It's a long story - the [1/N] changelog spells out the considerations
- "Add and use memdesc_flags_t" from Matthew Wilcox gets us started on
the memdesc project. Please see
https://kernelnewbies.org/MatthewWilcox/Memdescs and
https://blogs.oracle.com/linux/post/introducing-memdesc
- "Tiny optimization for large read operations" from Chi Zhiling
improves the efficiency of the pagecache read path
- "Better split_huge_page_test result check" from Zi Yan improves our
folio splitting selftest code
- "test that rmap behaves as expected" from Wei Yang adds some rmap
selftests
- "remove write_cache_pages()" from Christoph Hellwig removes that
function and converts its two remaining callers
- "selftests/mm: uffd-stress fixes" from Dev Jain fixes some UFFD
selftests issues
- "introduce kernel file mapped folios" from Boris Burkov introduces
the concept of "kernel file pages". Using these permits btrfs to
account its metadata pages to the root cgroup, rather than to the
cgroups of random inappropriate tasks
- "mm/pageblock: improve readability of some pageblock handling" from
Wei Yang provides some readability improvements to the page allocator
code
- "mm/damon: support ARM32 with LPAE" from SeongJae Park teaches DAMON
to understand arm32 highmem
- "tools: testing: Use existing atomic.h for vma/maple tests" from
Brendan Jackman performs some code cleanups and deduplication under
tools/testing/
- "maple_tree: Fix testing for 32bit compiles" from Liam Howlett fixes
a couple of 32-bit issues in tools/testing/radix-tree.c
- "kasan: unify kasan_enabled() and remove arch-specific
implementations" from Sabyrzhan Tasbolatov moves KASAN arch-specific
initialization code into a common arch-neutral implementation
- "mm: remove zpool" from Johannes Weiner removes zspool - an
indirection layer which now only redirects to a single thing
(zsmalloc)
- "mm: task_stack: Stack handling cleanups" from Pasha Tatashin makes a
couple of cleanups in the fork code
- "mm: remove nth_page()" from David Hildenbrand makes rather a lot of
adjustments at various nth_page() callsites, eventually permitting
the removal of that undesirable helper function
- "introduce kasan.write_only option in hw-tags" from Yeoreum Yun
creates a KASAN read-only mode for ARM, using that architecture's
memory tagging feature. It is felt that a read-only mode KASAN is
suitable for use in production systems rather than debug-only
- "mm: hugetlb: cleanup hugetlb folio allocation" from Kefeng Wang does
some tidying in the hugetlb folio allocation code
- "mm: establish const-correctness for pointer parameters" from Max
Kellermann makes quite a number of the MM API functions more accurate
about the constness of their arguments.

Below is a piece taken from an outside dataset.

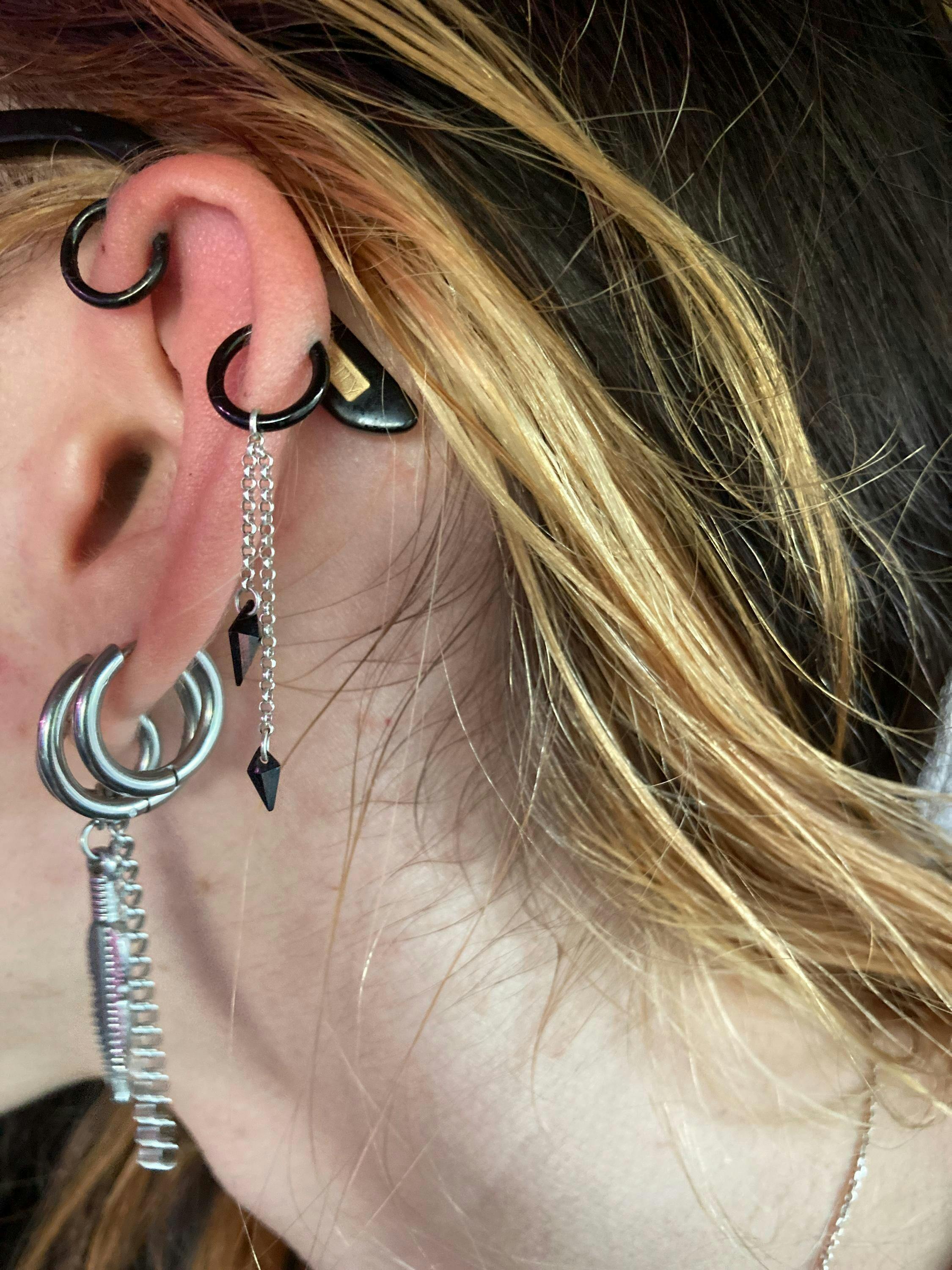 Ohrring Kette Kite Schwarz - Die hübscheste Ohrring Ketten mit 1 oder 2 funkelnden, schwarzen Kite Zirkonia Anhänger aus hochwertigem 925er Sterling Silber (nur Kette mit Anhänger, ohne Ohrring). Mega "In" und perfekt, um deine Ohren zu stylen und schon vorhandenen Ohrringen das gewisse, coole "Etwas" zu geben. Diese wunderschöne Ohrring Ketten lässt sich an jedem herkömmlichen Ohrstecker, feinen Creolen oder Piercing-Stecker bis 18G (1 mm) befestigen und  mit anderen Ohrringen oder Silberschmuck aus unserem Shop kombinieren. Gerne fertigen wir sie auch für Piercings in 16G und grösser, schick uns dazu einfach eine Nachricht. Sie sehen fantastisch an Piercing in Ohrläppchen, Helix oder jedem anderen Piercing aus. Bereit deine Ohren zu stylen?!
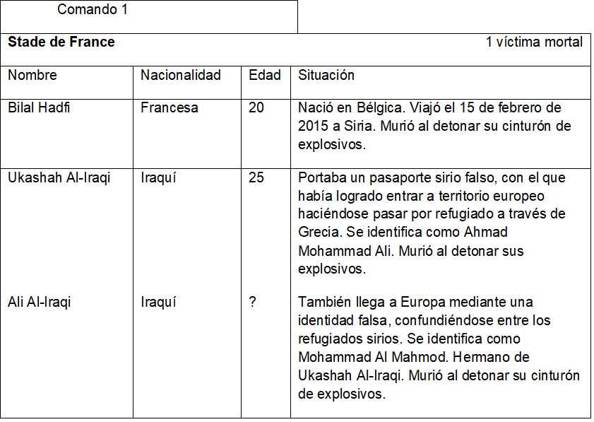 Una vez planificada la operación armada a partir de tres operaciones simultáneas en escenarios sensibles de la capital francesa, los combatientes se distribuyen en tres comandos distintos y se dirigen hacia los correspondientes objetivos (Seelow, et al., 2015). A fin de sintetizar cada una de las operaciones llevadas a cabo la noche de los ataques, los siguientes cuadros recogen el escenario y las víctimas causadas, así como los nombres, la nacionalidad, la edad y la situación de cada uno de los atacantes en función del comando del que tomaron parte[5].

This was getting in the way
of subsystems (in this case CEPH) when they attempt to improving
their own const/non-const accuracy
- "Cleanup free_pages() misuse" from Vishal Moola fixes a number of
code sites which were confused over when to use free_pages() vs
__free_pages()
- "Add Rust abstraction for Maple Trees" from Alice Ryhl makes the
mapletree code accessible to Rust. Required by nouveau and by its
forthcoming successor: the new Rust Nova driver
- "selftests/mm: split_huge_page_test: split_pte_mapped_thp
improvements" from David Hildenbrand adds a fix and some cleanups to
the thp selftesting code
- "mm, swap: introduce swap table as swap cache (phase I)" from Chris
Li and Kairui Song is the first step along the path to implementing
"swap tables" - a new approach to swap allocation and state tracking
which is expected to yield speed and space improvements. This
patchset itself yields a 5-20% performance benefit in some situations
- "Some ptdesc cleanups" from Matthew Wilcox utilizes the new memdesc
layer to clean up the ptdesc code a little
- "Fix va_high_addr_switch.sh test failure" from Chunyu Hu fixes some
issues in our 5-level pagetable selftesting code
- "Minor fixes for memory allocation profiling" from Suren Baghdasaryan
addresses a couple of minor issues in relatively new memory
allocation profiling feature
- "Small cleanups" from Matthew Wilcox has a few cleanups in
preparation for more memdesc work
- "mm/damon: add addr_unit for DAMON_LRU_SORT and DAMON_RECLAIM" from
Quanmin Yan makes some changes to DAMON in furtherance of supporting
arm highmem
- "selftests/mm: Add -Wunreachable-code and fix warnings" from Muhammad
Anjum adds that compiler check to selftests code and fixes the
fallout, by removing dead code
- "Improvements to Victim Process Thawing and OOM Reaper Traversal
Order" from zhongjinji makes a number of improvements in the OOM
killer: mainly thawing a more appropriate group of victim threads so
they can release resources
- "mm/damon: misc fixups and improvements for 6.18" from SeongJae Park
is a bunch of small and unrelated fixups for DAMON
- "mm/damon: define and use DAMON initialization check function" from
SeongJae Park implement reliability and maintainability improvements
to a recently-added bug fix
- "mm/damon/stat: expose auto-tuned intervals and non-idle ages" from
SeongJae Park provides additional transparency to userspace clients
of the DAMON_STAT information
- "Expand scope of khugepaged anonymous collapse" from Dev Jain removes
some constraints on khubepaged's collapsing of anon VMAs. It also
increases the success rate of MADV_COLLAPSE against an anon vma
- "mm: do not assume file == vma->vm_file in compat_vma_mmap_prepare()"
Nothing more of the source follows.